__Problem statement__. Go through the entries below and print, exactly, the lines starting at the one with "نمایی از حمله" and ending at the one with "Primero garantizar el", keeping both ends and no others.
+++ Task data
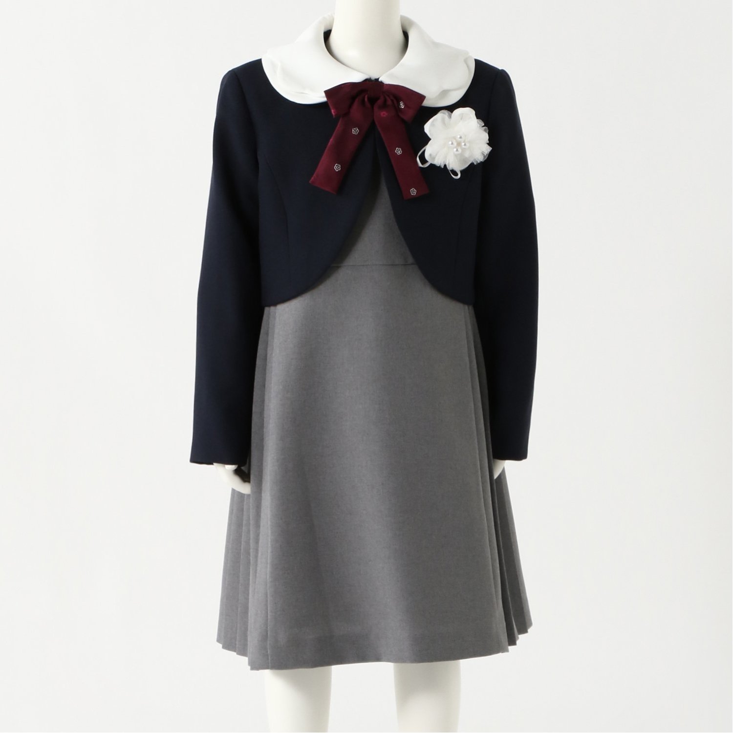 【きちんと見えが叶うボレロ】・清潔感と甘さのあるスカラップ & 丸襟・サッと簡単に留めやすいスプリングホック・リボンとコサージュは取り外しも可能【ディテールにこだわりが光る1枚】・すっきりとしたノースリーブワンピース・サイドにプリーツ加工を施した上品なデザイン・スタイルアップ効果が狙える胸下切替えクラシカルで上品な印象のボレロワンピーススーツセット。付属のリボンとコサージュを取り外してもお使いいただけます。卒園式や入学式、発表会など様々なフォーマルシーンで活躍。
++++++
+++ Task data
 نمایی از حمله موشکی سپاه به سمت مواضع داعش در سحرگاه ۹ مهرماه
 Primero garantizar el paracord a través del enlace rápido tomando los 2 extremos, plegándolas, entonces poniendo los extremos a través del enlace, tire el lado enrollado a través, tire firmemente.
++++++
+++ Task data
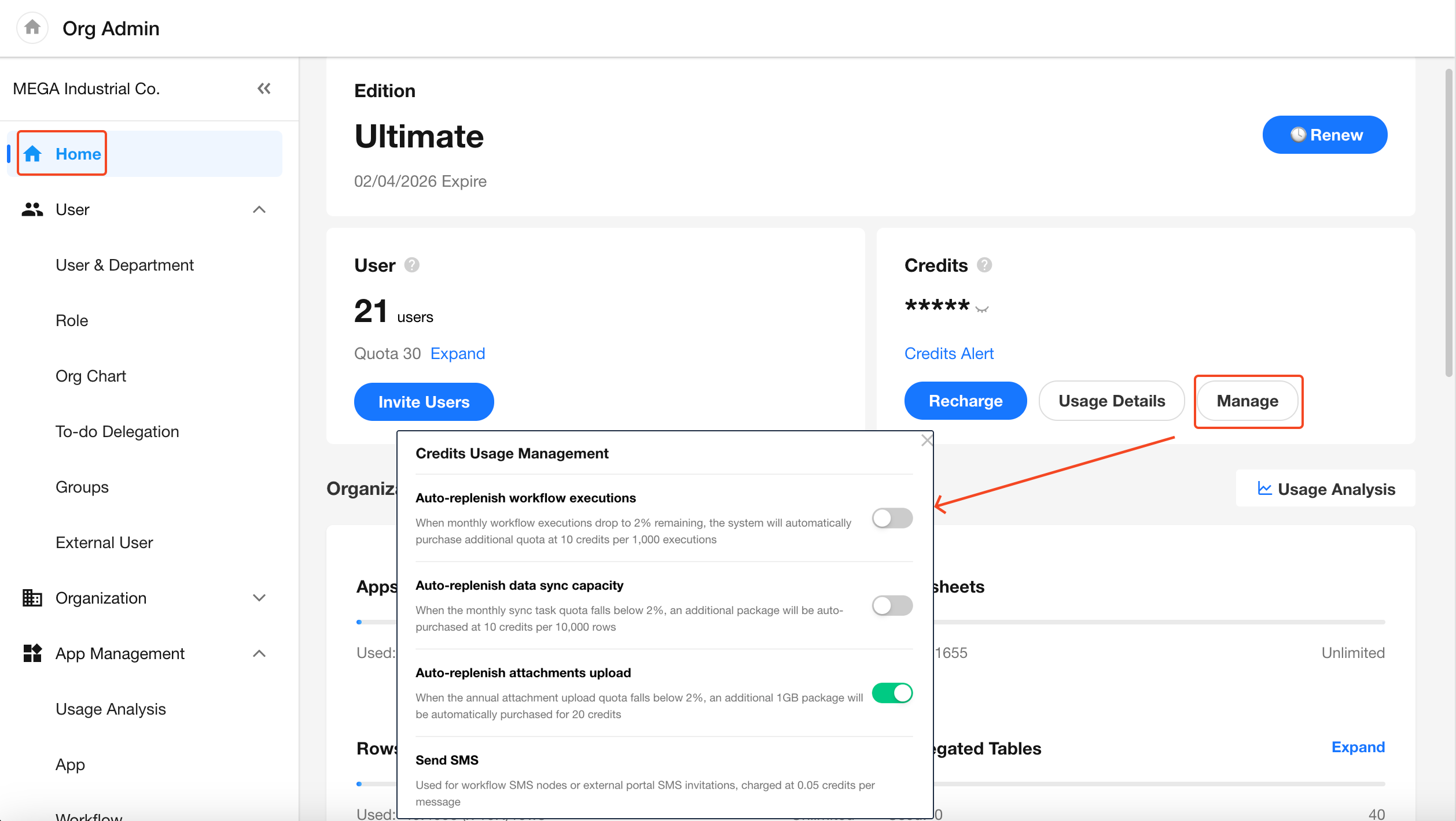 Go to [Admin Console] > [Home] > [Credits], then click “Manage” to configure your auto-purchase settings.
++++++
__Solution for this exercise__.
 نمایی از حمله موشکی سپاه به سمت مواضع داعش در سحرگاه ۹ مهرماه
 Primero garantizar el paracord a través del enlace rápido tomando los 2 extremos, plegándolas, entonces poniendo los extremos a través del enlace, tire el lado enrollado a través, tire firmemente.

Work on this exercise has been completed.